What you should do: In the records below, find the line with "得力尖尾萬能扳手包膠手柄,防滑耐磨。", then retype it and every following line exactly, stopping after the line with "А за камрадиху". Leave the pictures out.

Material shown:
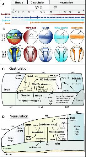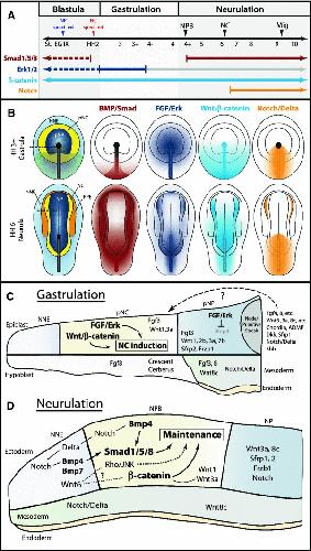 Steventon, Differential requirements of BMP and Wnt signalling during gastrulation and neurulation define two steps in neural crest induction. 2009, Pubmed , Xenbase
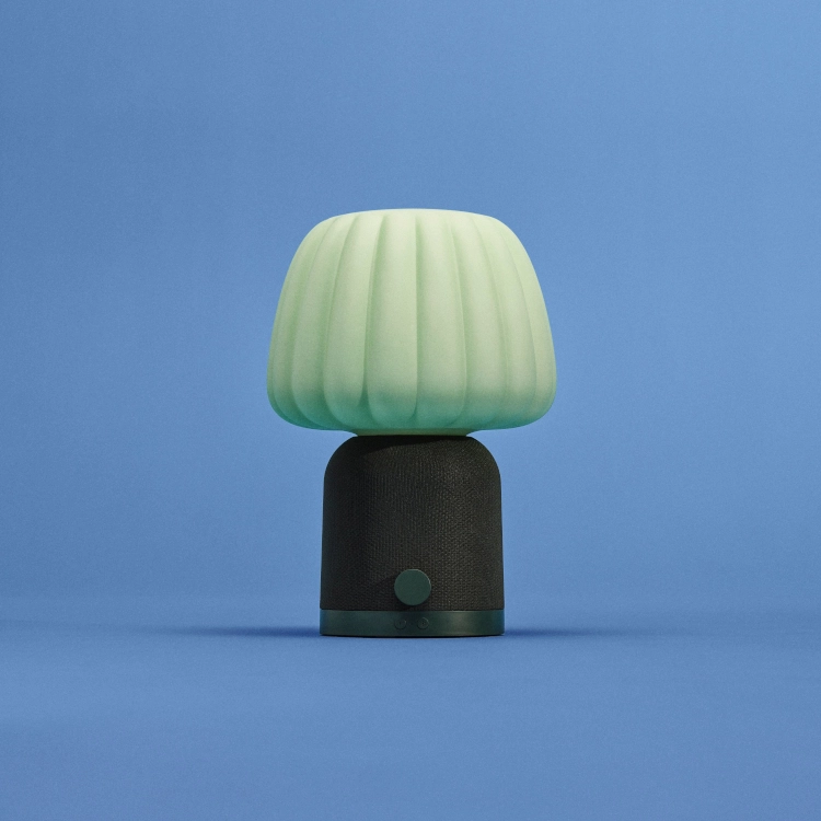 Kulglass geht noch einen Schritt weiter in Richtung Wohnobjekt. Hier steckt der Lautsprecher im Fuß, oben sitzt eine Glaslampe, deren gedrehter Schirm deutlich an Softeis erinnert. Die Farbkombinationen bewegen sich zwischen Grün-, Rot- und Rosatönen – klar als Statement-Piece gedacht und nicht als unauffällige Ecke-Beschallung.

==

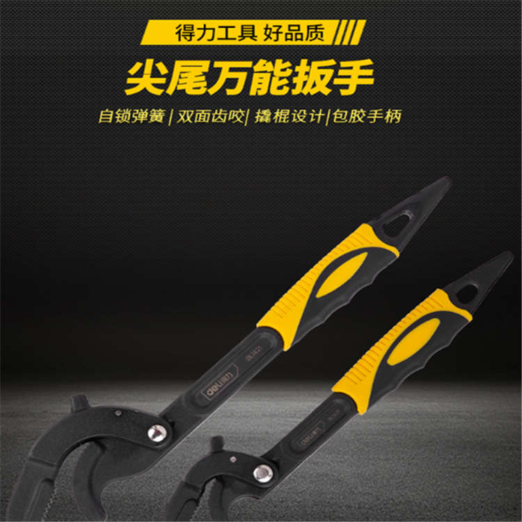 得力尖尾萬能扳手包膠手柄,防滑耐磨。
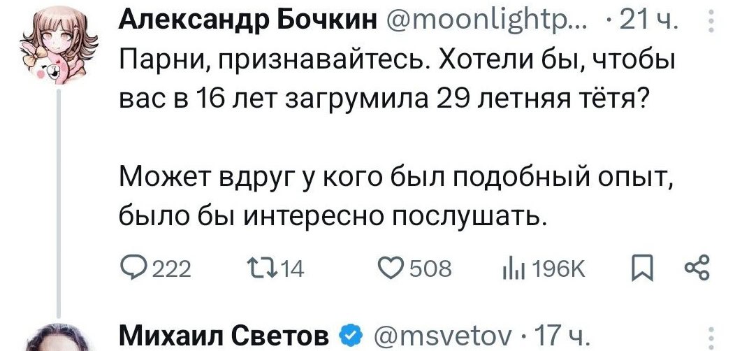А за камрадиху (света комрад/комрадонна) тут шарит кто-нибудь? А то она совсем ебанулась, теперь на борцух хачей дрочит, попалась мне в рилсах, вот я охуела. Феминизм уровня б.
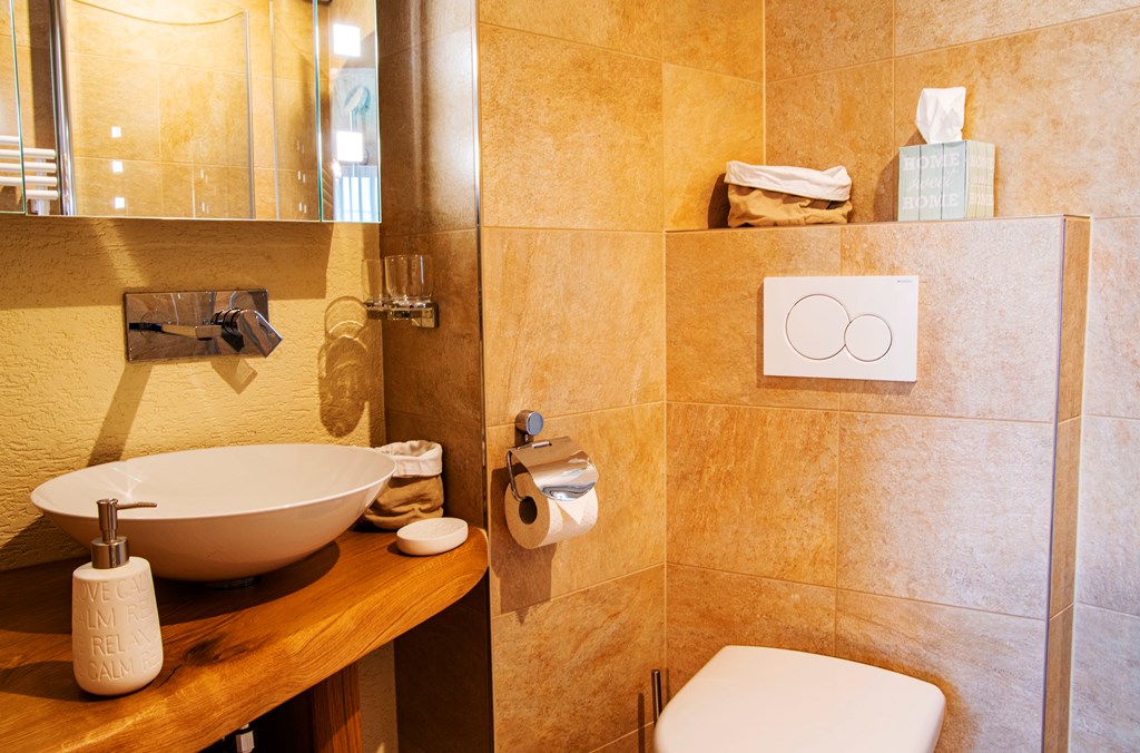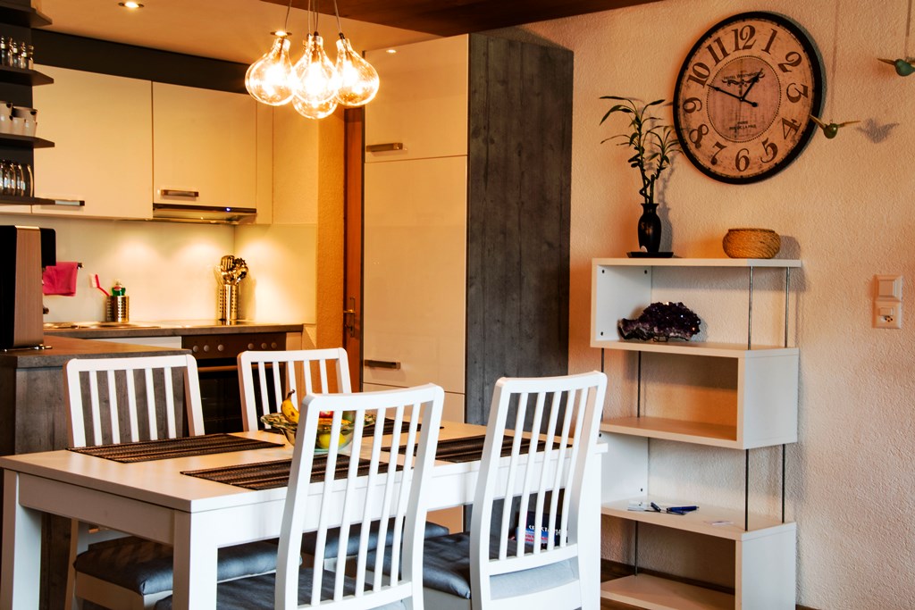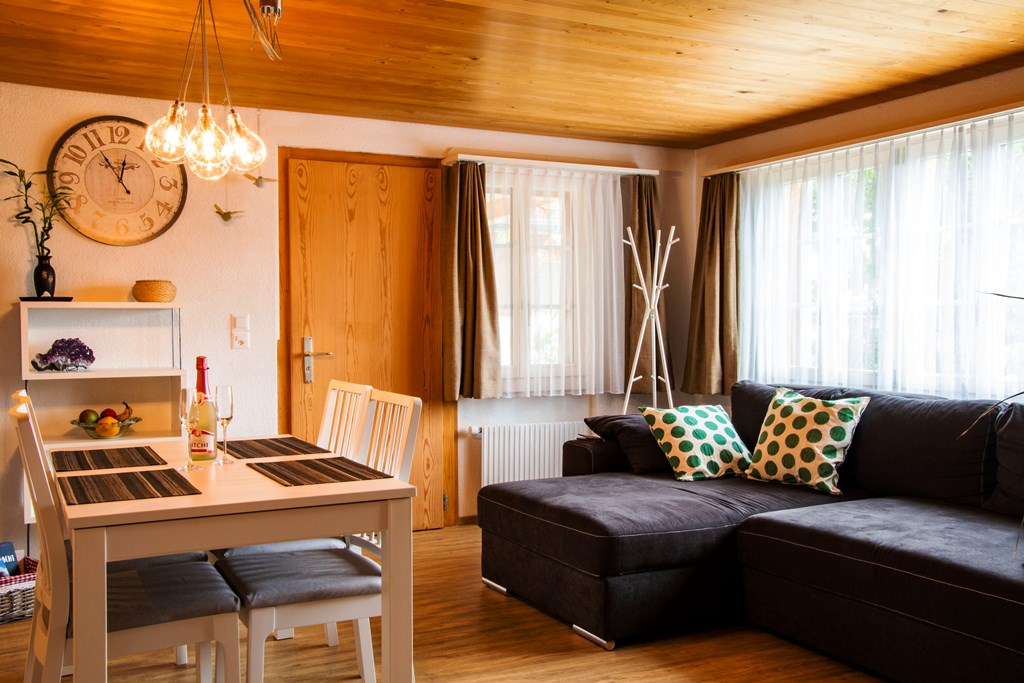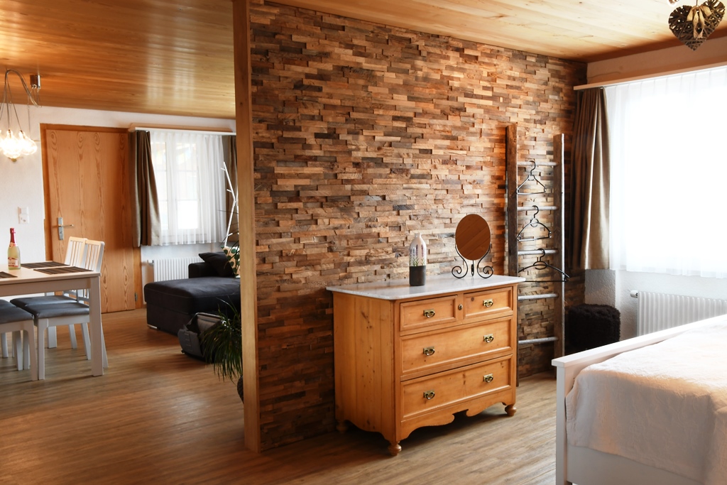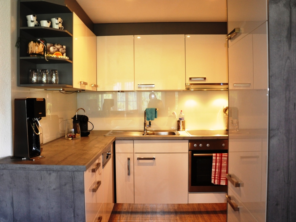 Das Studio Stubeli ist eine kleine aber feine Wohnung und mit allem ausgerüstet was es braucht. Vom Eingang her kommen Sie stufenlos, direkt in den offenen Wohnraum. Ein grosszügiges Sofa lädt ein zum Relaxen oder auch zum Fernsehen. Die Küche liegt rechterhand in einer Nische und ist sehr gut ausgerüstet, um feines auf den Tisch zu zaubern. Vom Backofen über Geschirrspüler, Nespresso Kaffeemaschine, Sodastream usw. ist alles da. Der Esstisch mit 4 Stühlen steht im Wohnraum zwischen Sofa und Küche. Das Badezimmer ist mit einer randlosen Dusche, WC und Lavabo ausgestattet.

==

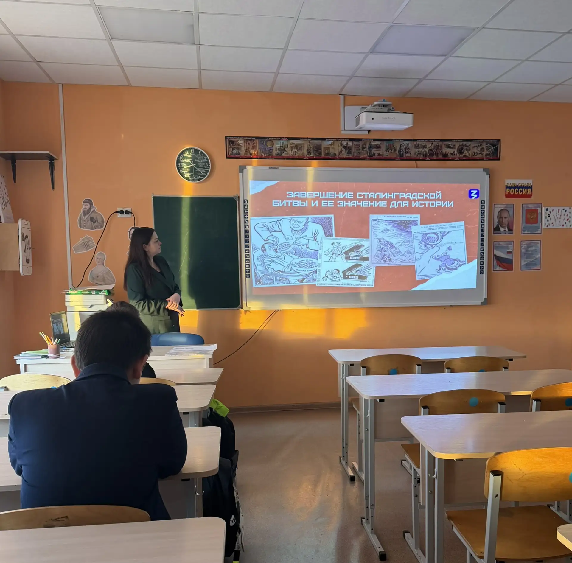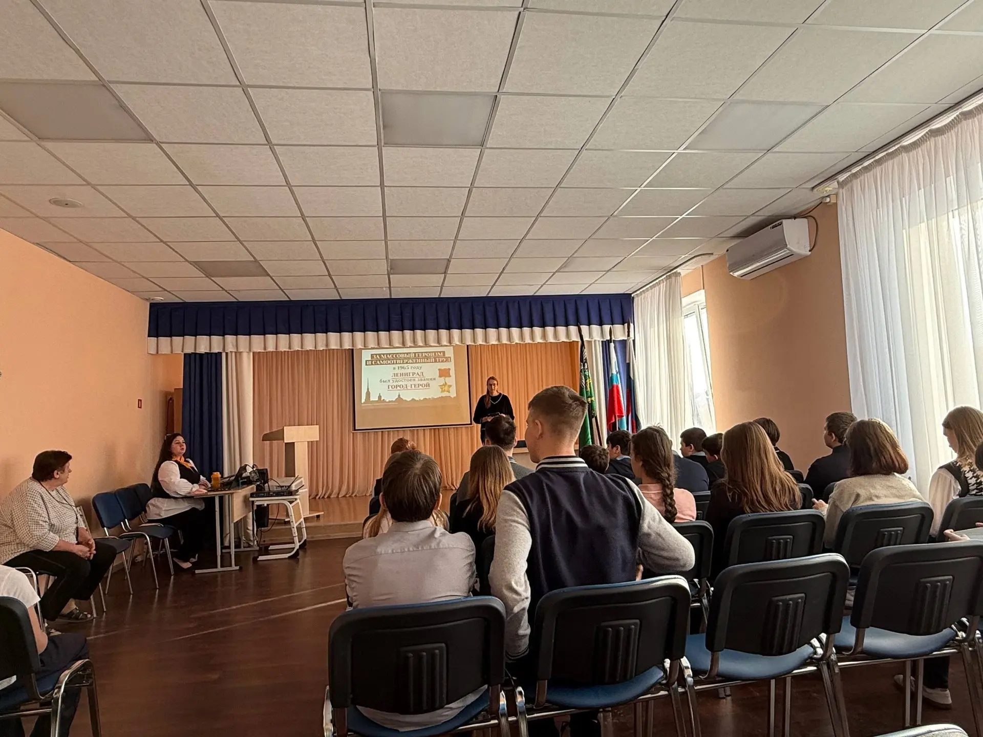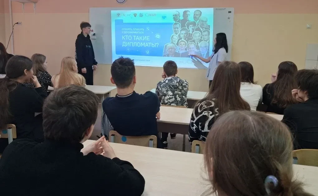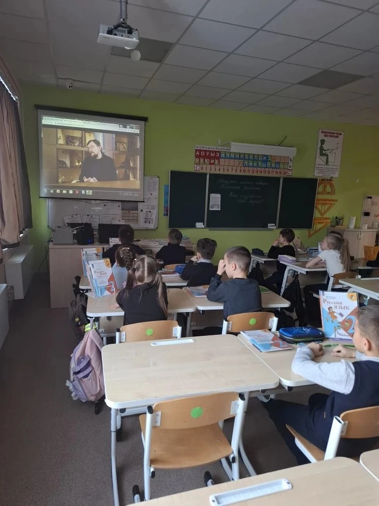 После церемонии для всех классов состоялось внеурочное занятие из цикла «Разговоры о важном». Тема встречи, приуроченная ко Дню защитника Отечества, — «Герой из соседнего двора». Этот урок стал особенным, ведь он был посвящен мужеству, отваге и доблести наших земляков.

Answer area:
 得力尖尾萬能扳手包膠手柄,防滑耐磨。
А за камрадиху (света комрад/комрадонна) тут шарит кто-нибудь? А то она совсем ебанулась, теперь на борцух хачей дрочит, попалась мне в рилсах, вот я охуела. Феминизм уровня б.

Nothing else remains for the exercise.